The managing director of Wrightstyle, a glass solutions company that worked on Orbital at London's...
A British glass company that specialises in designing systems designed to withstand terrorist attack has welcomed new advice from the Royal Institute of British Architects (RIBA).
Architects have been issued with guidance from RIBA for the first time about incorporating anti-terrorism measures into their designs. “This advice is very welcome because it will make architects think about the safety of a building’s residents from the outset and, as we now know, terrorism is threat to all of us,” said Denis Wright, managing director of Wrightstyle Limited.

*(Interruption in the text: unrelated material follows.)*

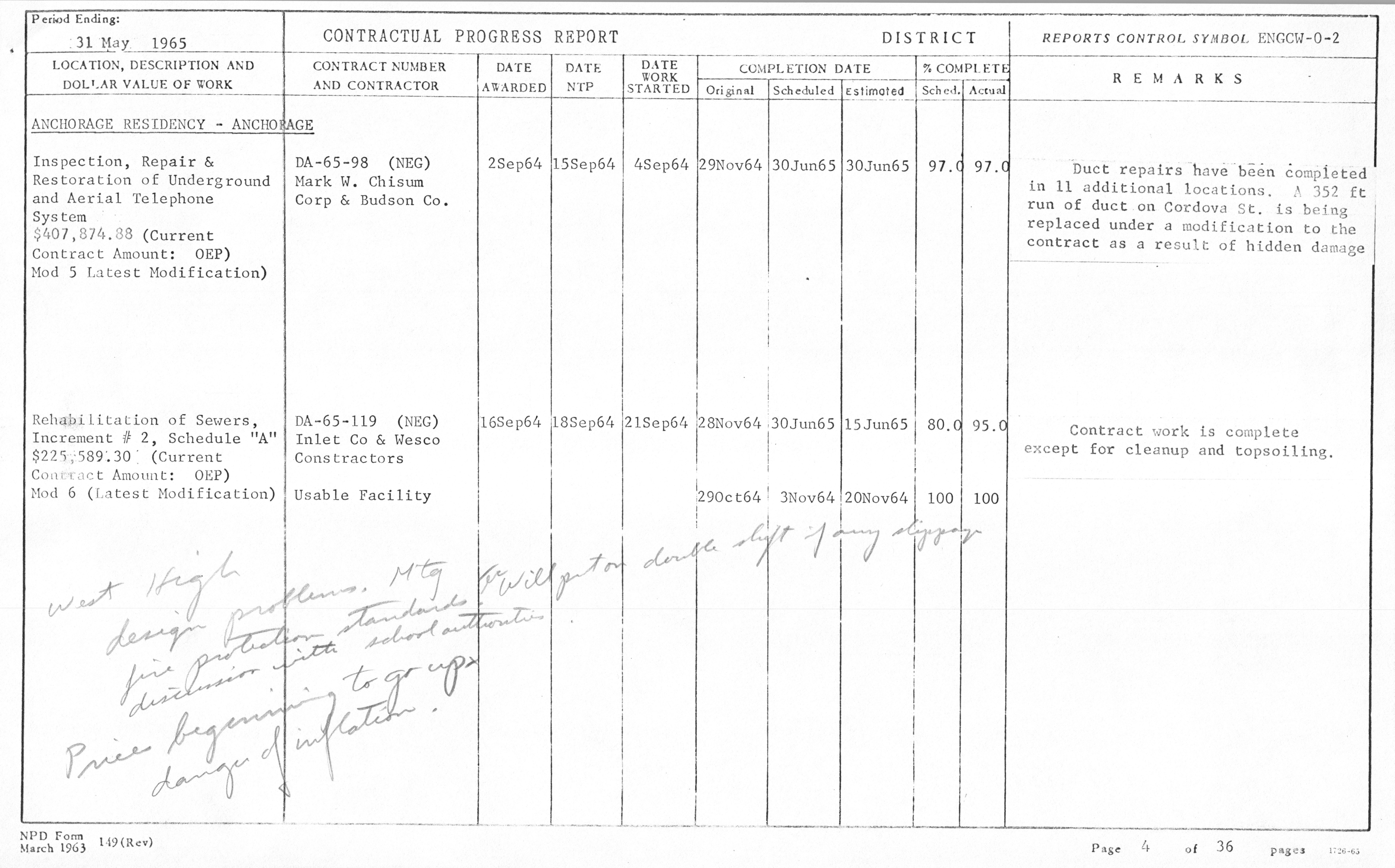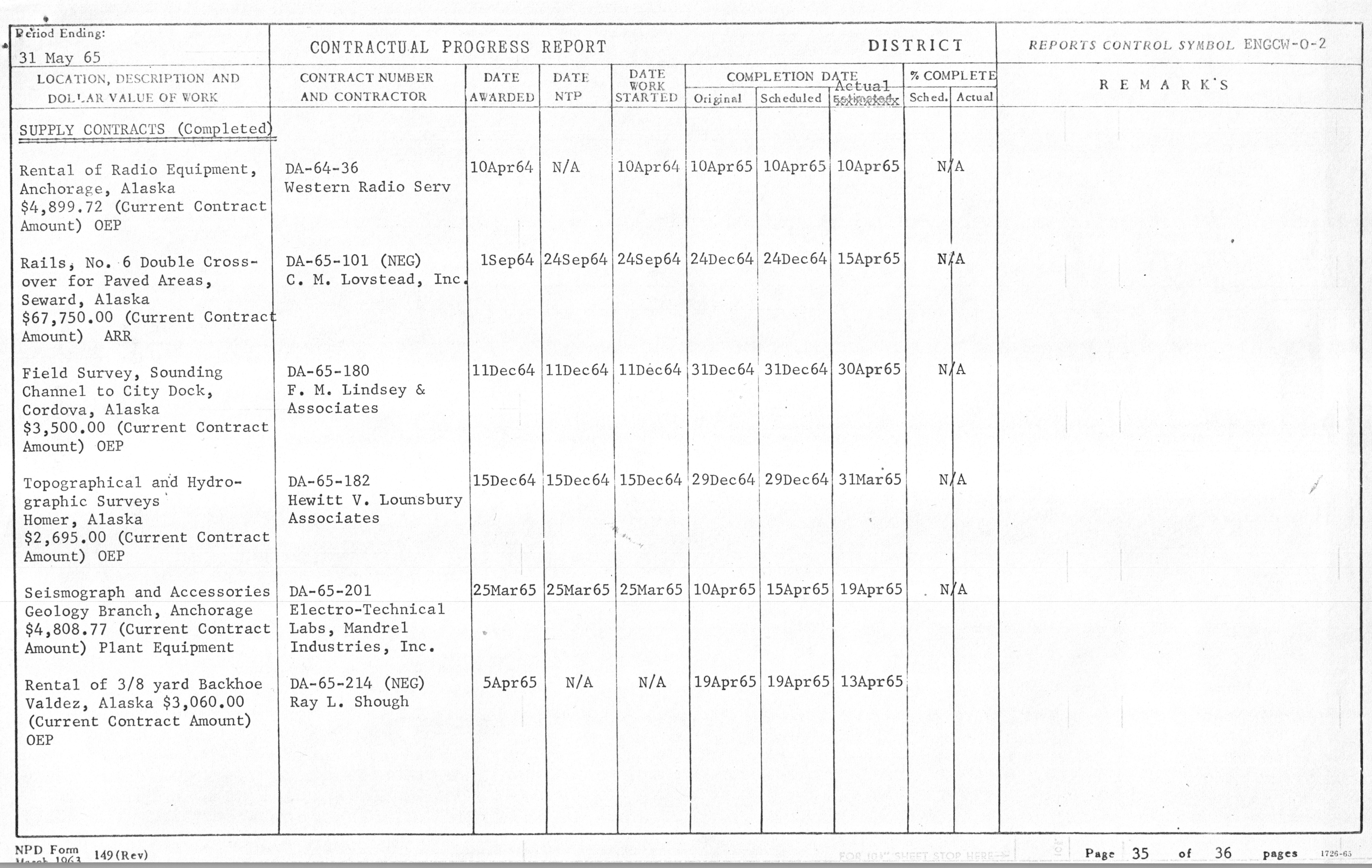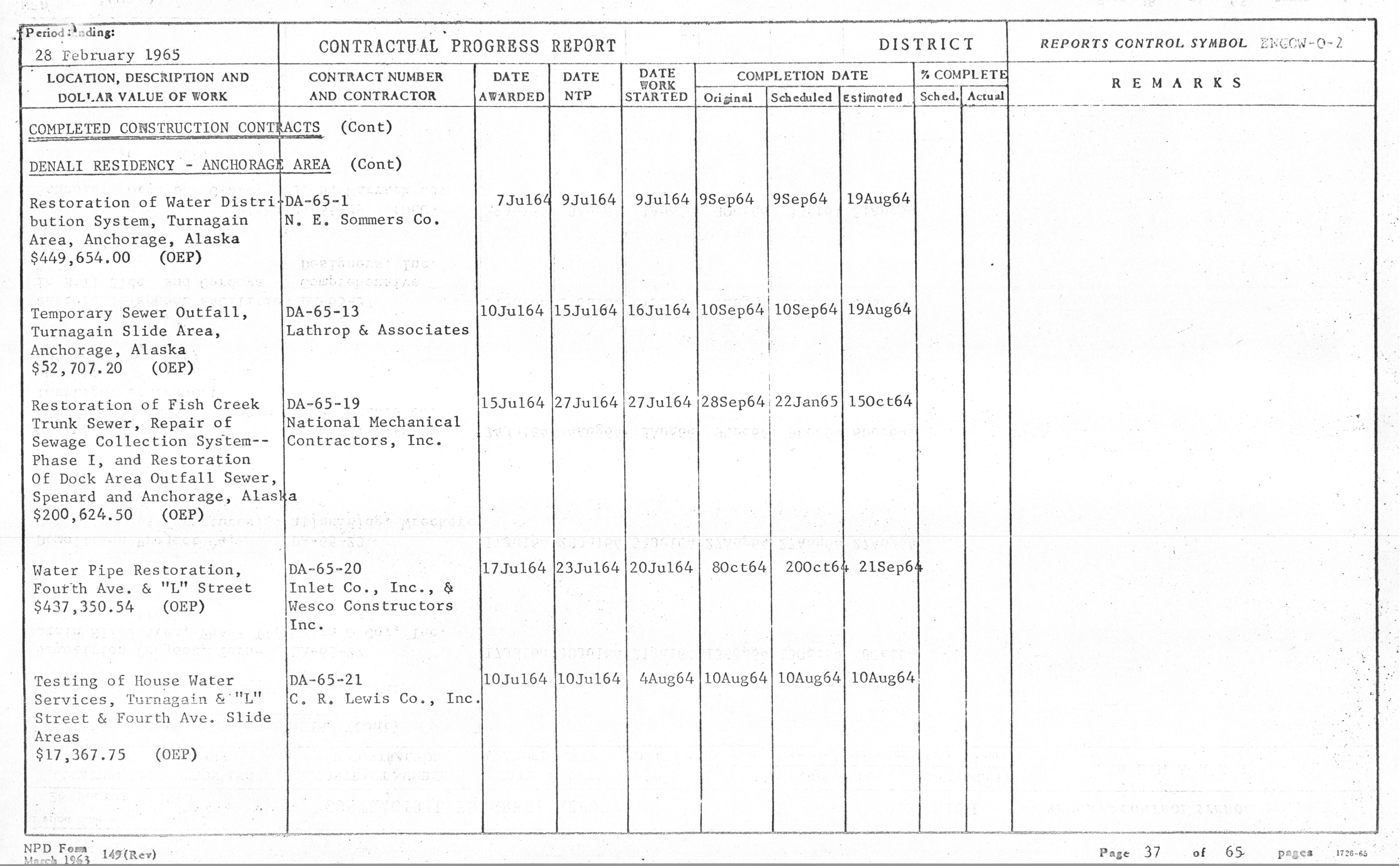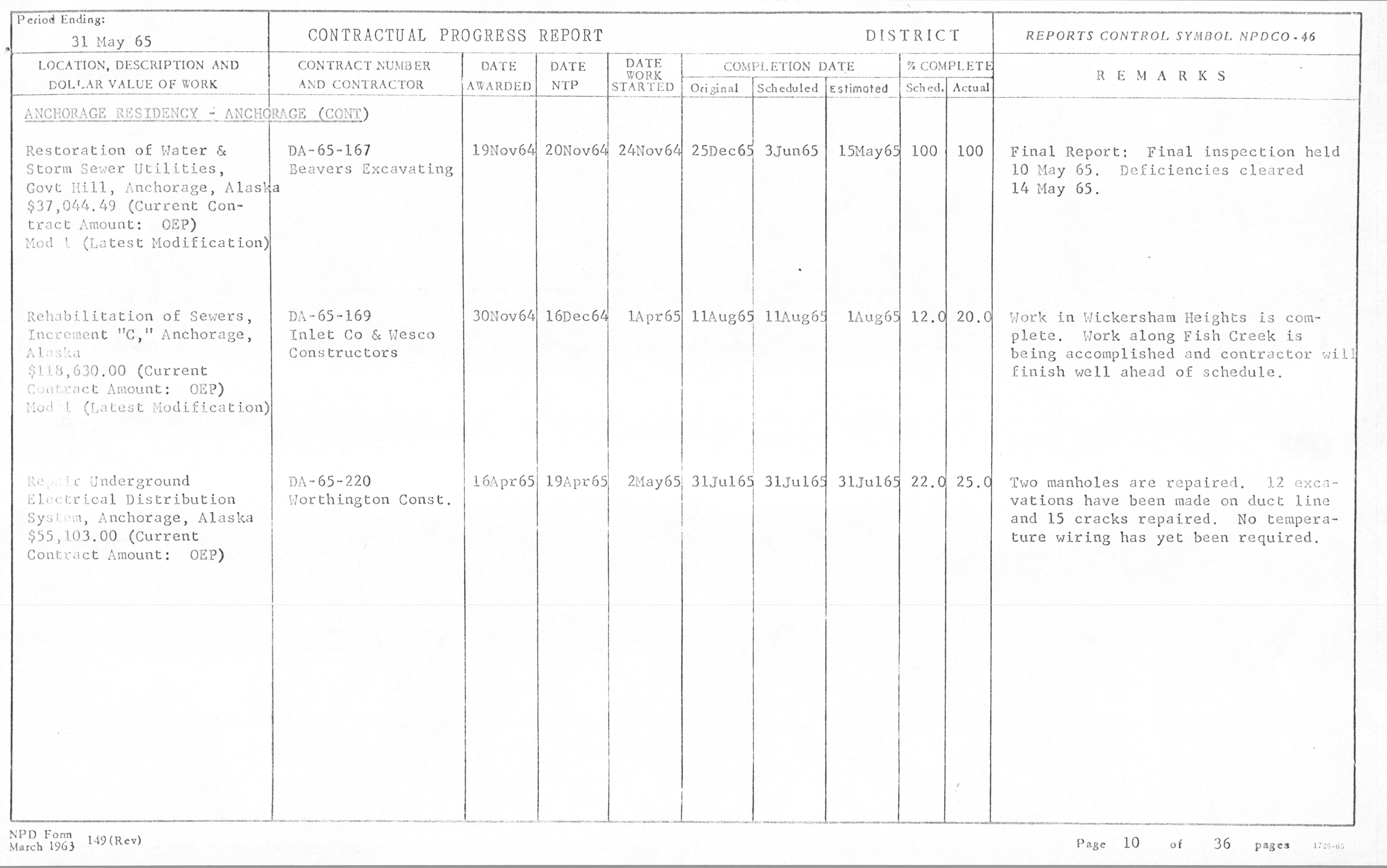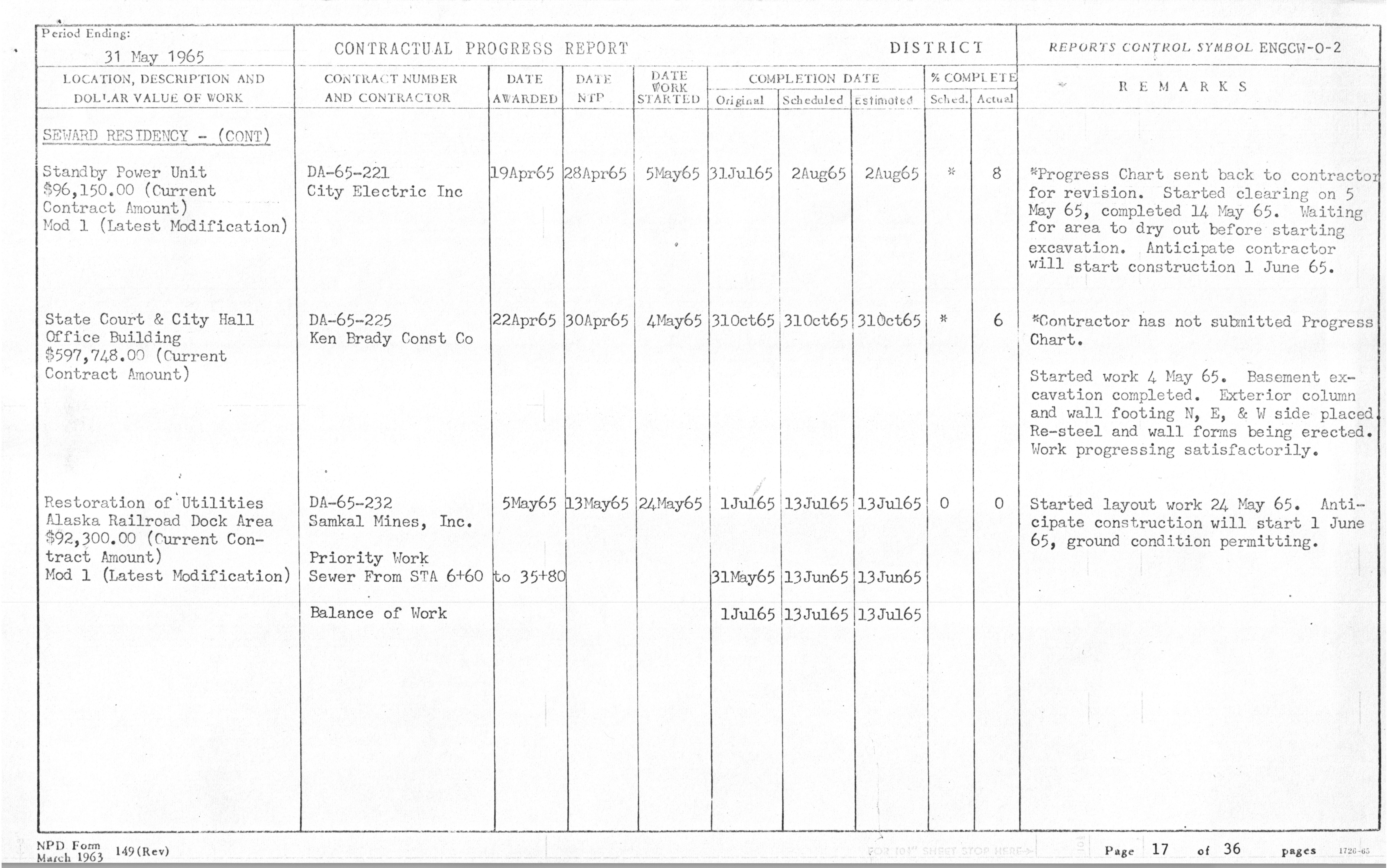 - Alaska earthquake restoration projects contractual progress report, May 31, 1965

Wrightstyle has been at the forefront in developing glass and glazing systems to mitigate against a whole range of threats, from fire to ballistic and explosive attack, and has recently introduced a system that can withstand even the explosive impact of a lorry bomb.
The Royal Institute of British Architects (RIBA) has issued its advice to improve the way architects and planners think about security. The advice includes a range of measures, including barriers and bollards, landscaping and surveillance, as well as using blast and ballistic resistant glass.
“The message that we have been trying to convey to architects is that, if a system such as ours is used for the external glazing, the glazing system will look no different from conventional curtain walling,” said Denis Wright.
The RIBA advice comes in the wake of further recent terrorist atrocities in Moscow and amid continuing uncertainty worldwide. The importance of blast resistant curtain walling is that the main cause of injury and death from a bomb attack is flying glass. In an attack using explosives in an urban area, between 80-85% of all secondary blast injuries are caused by flying glass.
Wrightstyle’s landmark test, conducted independently at a specialist site in the UK, involved the system being subjected to the equivalent of 500k of TNT, acknowledged as an average-sized lorry bomb.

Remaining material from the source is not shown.